Reducing End-to-End Latency of Cause-Effect Chains with Shared Cache Analysis
Cause-effect chains, as a widely used modeling method in real-time embedded systems, are extensively applied in various safety-critical domains. End-to-end latency, as a key real-time attribute of cause-effect chains, is crucial in many applications. But the analysis of end-to-end latency for cause-effect chains on multicore platforms with shared caches still presents an unresolved issue. Traditional methods typically assume that the worst-case execution time (WCET) of each task in the cause-effect chain is known. However, in the absence of scheduling information, these methods often assume that all shared cache accesses result in misses, leading to an overestimation of WCET and, consequently, affecting the accuracy of end-to-end latency.

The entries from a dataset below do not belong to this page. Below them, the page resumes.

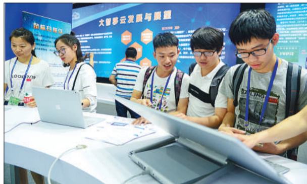
▲河北省廊坊市经贸洽谈会上，“大智移云”受到观众关注。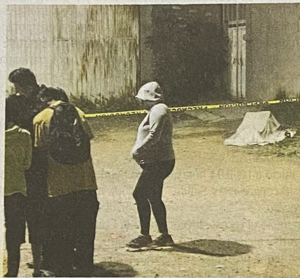
Autoridades ministeriales, periciales y agentes de la Policía de Investigación de la FGJ de la CDMx continúan con las pesquisas a fin de identificar a este hombre

La madrugada de este jueves, vecinos del callejón de la primera cerrada de Benito Juárez encontraron tirado sobre la tierra a un costado de una fábrica de aceros a un hombre de aproximadamente 45 años de edad con varios golpes en la cara y cuerpo, así como atado por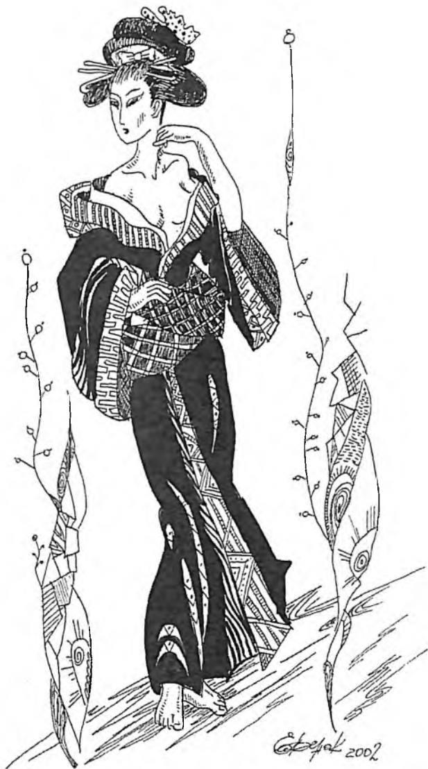
Графика «Японка» Работа Елены Савенок г. Омск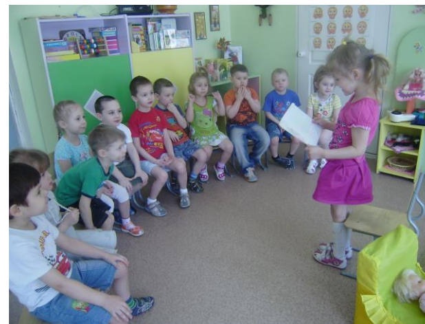
Представление результатов исследования по теме: «Где живет водичка?» воспитанницей группы.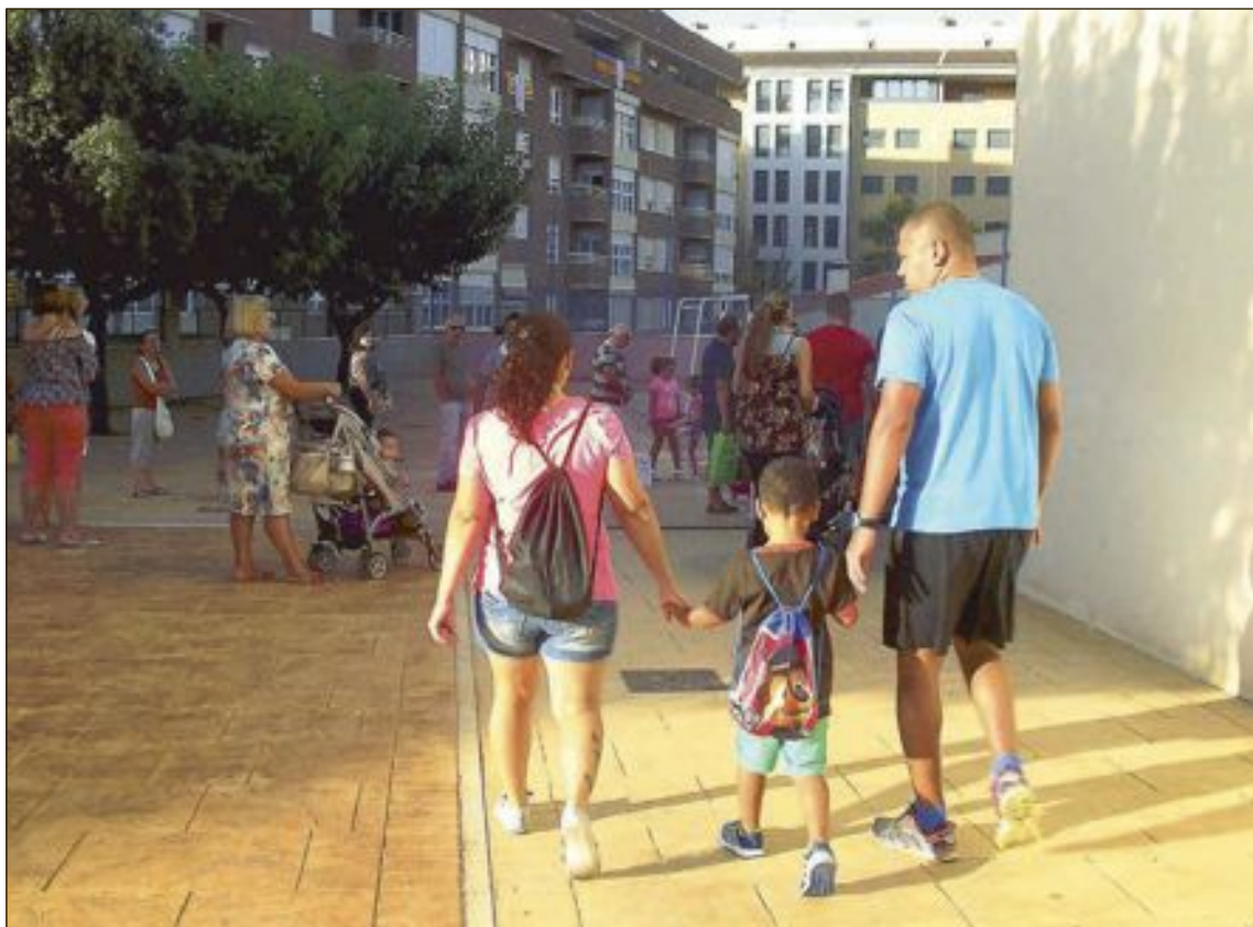
Las clases comenzaron en los colegios e institutos de la comarca el jueves 8 de septiembre

However, effectively integrating scheduling information into the WCET analysis process of the chains may introduce two challenges: first, how to leverage the structural characteristics of the chains to optimize shared cache analysis, and second, how to improve analysis accuracy while avoiding state space explosion. To address these issues, this paper proposes a novel end-to-end latency analysis framework designed for multi-chain systems on multicore platforms with shared caches. This framework extracts scheduling information and structural characteristics of cause-effect chains, constructing fine-grained and scalable inter-core memory access contexts at the basic block level for time-sensitive shared cache analysis. This results in more accurate WCET (TSC-WCET) estimates, which are then used to derive the end-to-end latency. Finally, we conduct experiments on dual-core and quad-core systems with various cache configurations, which show that under certain settings, the average maximum end-to-end latency of cause-effect chains is reduced by up to 34% and 26%.
💡 Research Summary
The paper tackles the long‑standing problem of accurately estimating end‑to‑end latency for cause‑effect chains running on multicore platforms that share a common L2 cache. Traditional approaches assume that the worst‑case execution time (WCET) of each task is known a priori and, lacking concrete scheduling information, they conservatively treat every shared‑cache access as a miss. This leads to severe over‑pessimism that propagates to the end‑to‑end latency bound, making the analysis unusable for safety‑critical domains such as automotive electronics or industrial control.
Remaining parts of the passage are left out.